The problem
Below are the entries to work from; restate word for word the portion that opens with the line containing "Tabriz Tapis: Tabriz" and closes with the line containing "同时,其长期经营的卡萨帝通过", keeping both.

Data records
****************************************

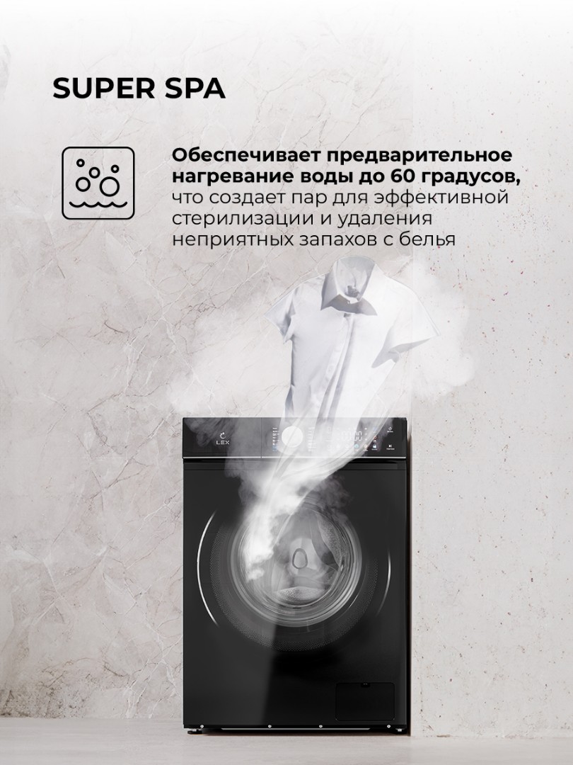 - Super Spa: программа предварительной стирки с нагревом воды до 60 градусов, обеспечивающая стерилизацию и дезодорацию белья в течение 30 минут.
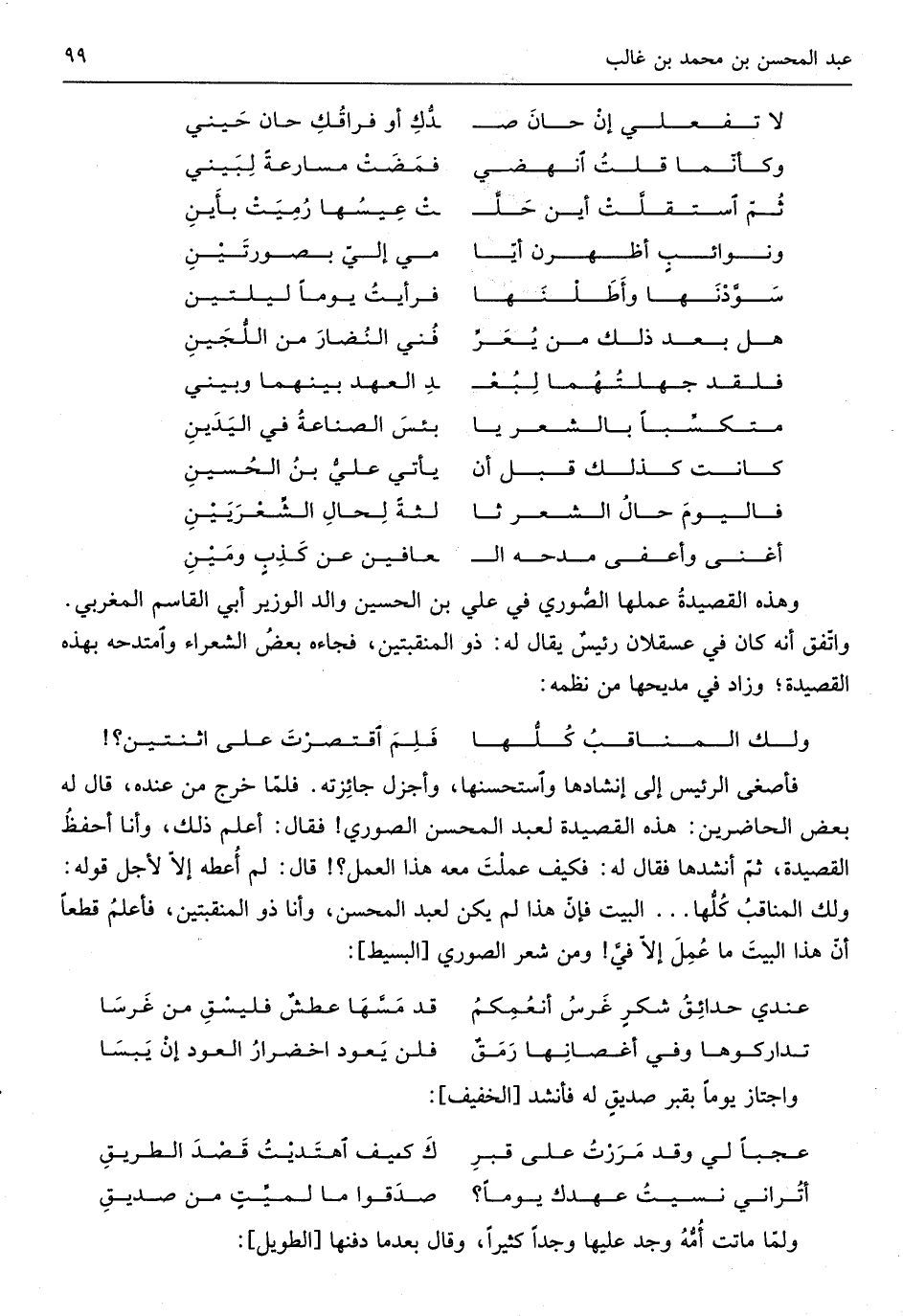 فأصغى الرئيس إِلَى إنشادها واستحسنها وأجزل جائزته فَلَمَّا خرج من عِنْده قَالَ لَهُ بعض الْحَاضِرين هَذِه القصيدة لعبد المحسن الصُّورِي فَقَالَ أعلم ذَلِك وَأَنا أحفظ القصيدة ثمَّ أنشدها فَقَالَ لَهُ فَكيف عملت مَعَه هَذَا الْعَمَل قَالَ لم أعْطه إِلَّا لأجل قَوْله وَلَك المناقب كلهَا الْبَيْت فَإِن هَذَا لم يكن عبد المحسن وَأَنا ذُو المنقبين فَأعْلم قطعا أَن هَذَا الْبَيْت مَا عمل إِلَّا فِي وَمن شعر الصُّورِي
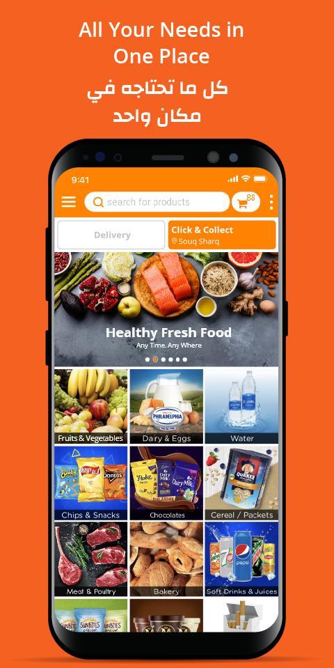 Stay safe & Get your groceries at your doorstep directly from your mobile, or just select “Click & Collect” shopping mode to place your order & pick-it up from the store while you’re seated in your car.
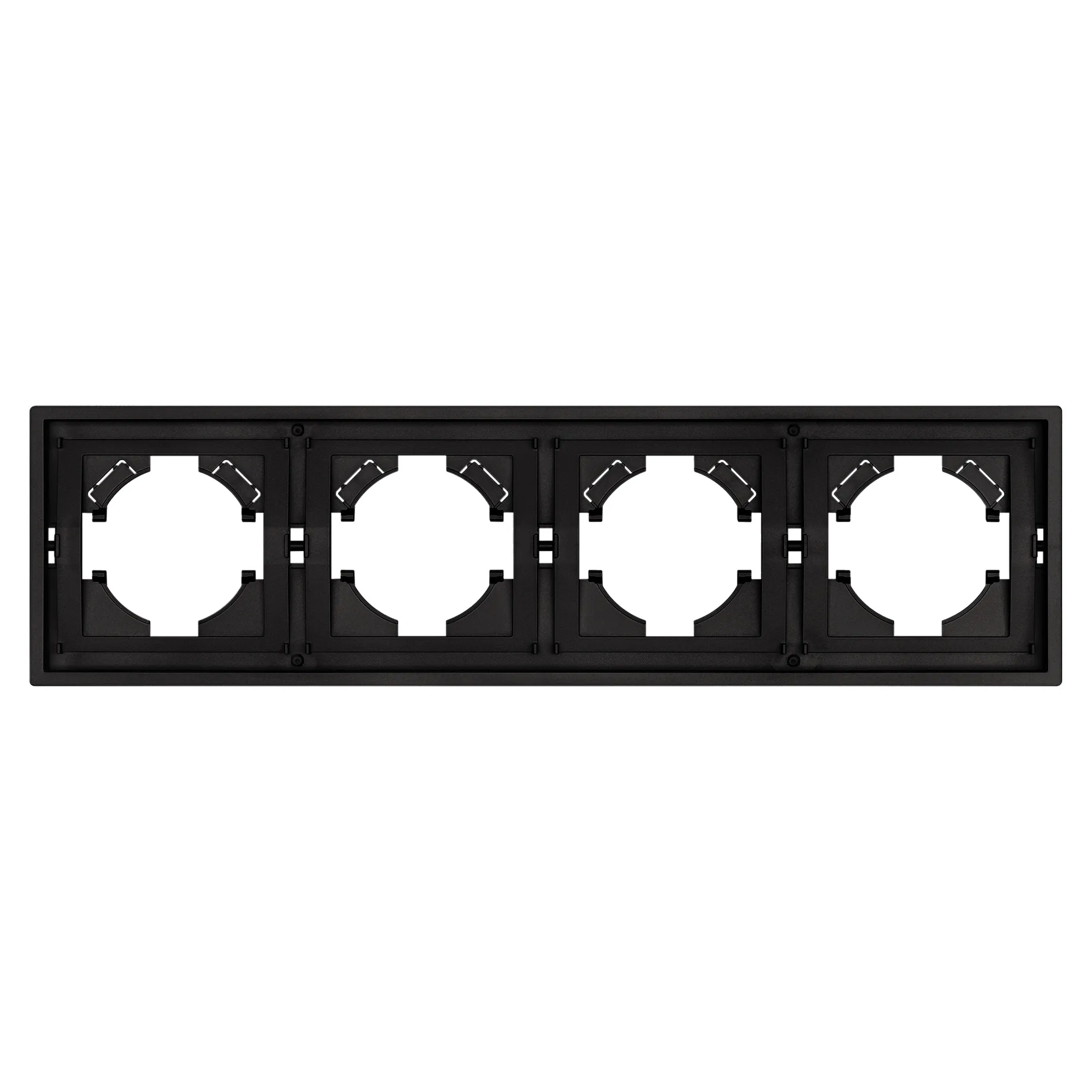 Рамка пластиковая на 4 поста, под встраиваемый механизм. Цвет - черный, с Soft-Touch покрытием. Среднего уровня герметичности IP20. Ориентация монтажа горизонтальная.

****************************************

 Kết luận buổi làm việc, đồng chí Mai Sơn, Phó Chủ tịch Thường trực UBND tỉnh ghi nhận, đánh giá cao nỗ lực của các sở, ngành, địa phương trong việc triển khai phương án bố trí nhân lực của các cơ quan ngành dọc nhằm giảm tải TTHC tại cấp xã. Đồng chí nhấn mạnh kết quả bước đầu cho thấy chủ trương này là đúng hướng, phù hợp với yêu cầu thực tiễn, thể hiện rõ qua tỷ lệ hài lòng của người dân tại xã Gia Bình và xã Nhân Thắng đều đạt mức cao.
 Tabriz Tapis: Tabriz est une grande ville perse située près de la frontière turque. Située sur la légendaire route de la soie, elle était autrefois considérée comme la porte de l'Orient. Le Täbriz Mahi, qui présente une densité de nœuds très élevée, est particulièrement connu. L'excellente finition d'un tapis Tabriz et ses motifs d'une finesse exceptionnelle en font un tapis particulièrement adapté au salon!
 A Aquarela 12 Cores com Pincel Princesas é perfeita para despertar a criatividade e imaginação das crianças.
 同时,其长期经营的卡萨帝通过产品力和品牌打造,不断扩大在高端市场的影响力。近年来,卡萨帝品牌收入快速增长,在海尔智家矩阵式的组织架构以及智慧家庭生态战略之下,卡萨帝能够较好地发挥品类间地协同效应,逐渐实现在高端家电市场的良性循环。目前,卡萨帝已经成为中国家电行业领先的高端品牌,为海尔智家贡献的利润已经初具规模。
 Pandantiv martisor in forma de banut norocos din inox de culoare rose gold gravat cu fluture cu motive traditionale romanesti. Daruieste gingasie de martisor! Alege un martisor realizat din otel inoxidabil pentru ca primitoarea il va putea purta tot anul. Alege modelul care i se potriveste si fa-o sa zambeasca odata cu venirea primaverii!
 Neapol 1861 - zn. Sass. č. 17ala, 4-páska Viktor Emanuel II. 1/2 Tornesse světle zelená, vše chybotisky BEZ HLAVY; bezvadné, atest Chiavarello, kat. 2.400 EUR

****************************************

Problem solution
 Tabriz Tapis: Tabriz est une grande ville perse située près de la frontière turque. Située sur la légendaire route de la soie, elle était autrefois considérée comme la porte de l'Orient. Le Täbriz Mahi, qui présente une densité de nœuds très élevée, est particulièrement connu. L'excellente finition d'un tapis Tabriz et ses motifs d'une finesse exceptionnelle en font un tapis particulièrement adapté au salon!
 A Aquarela 12 Cores com Pincel Princesas é perfeita para despertar a criatividade e imaginação das crianças.
 同时,其长期经营的卡萨帝通过产品力和品牌打造,不断扩大在高端市场的影响力。近年来,卡萨帝品牌收入快速增长,在海尔智家矩阵式的组织架构以及智慧家庭生态战略之下,卡萨帝能够较好地发挥品类间地协同效应,逐渐实现在高端家电市场的良性循环。目前,卡萨帝已经成为中国家电行业领先的高端品牌,为海尔智家贡献的利润已经初具规模。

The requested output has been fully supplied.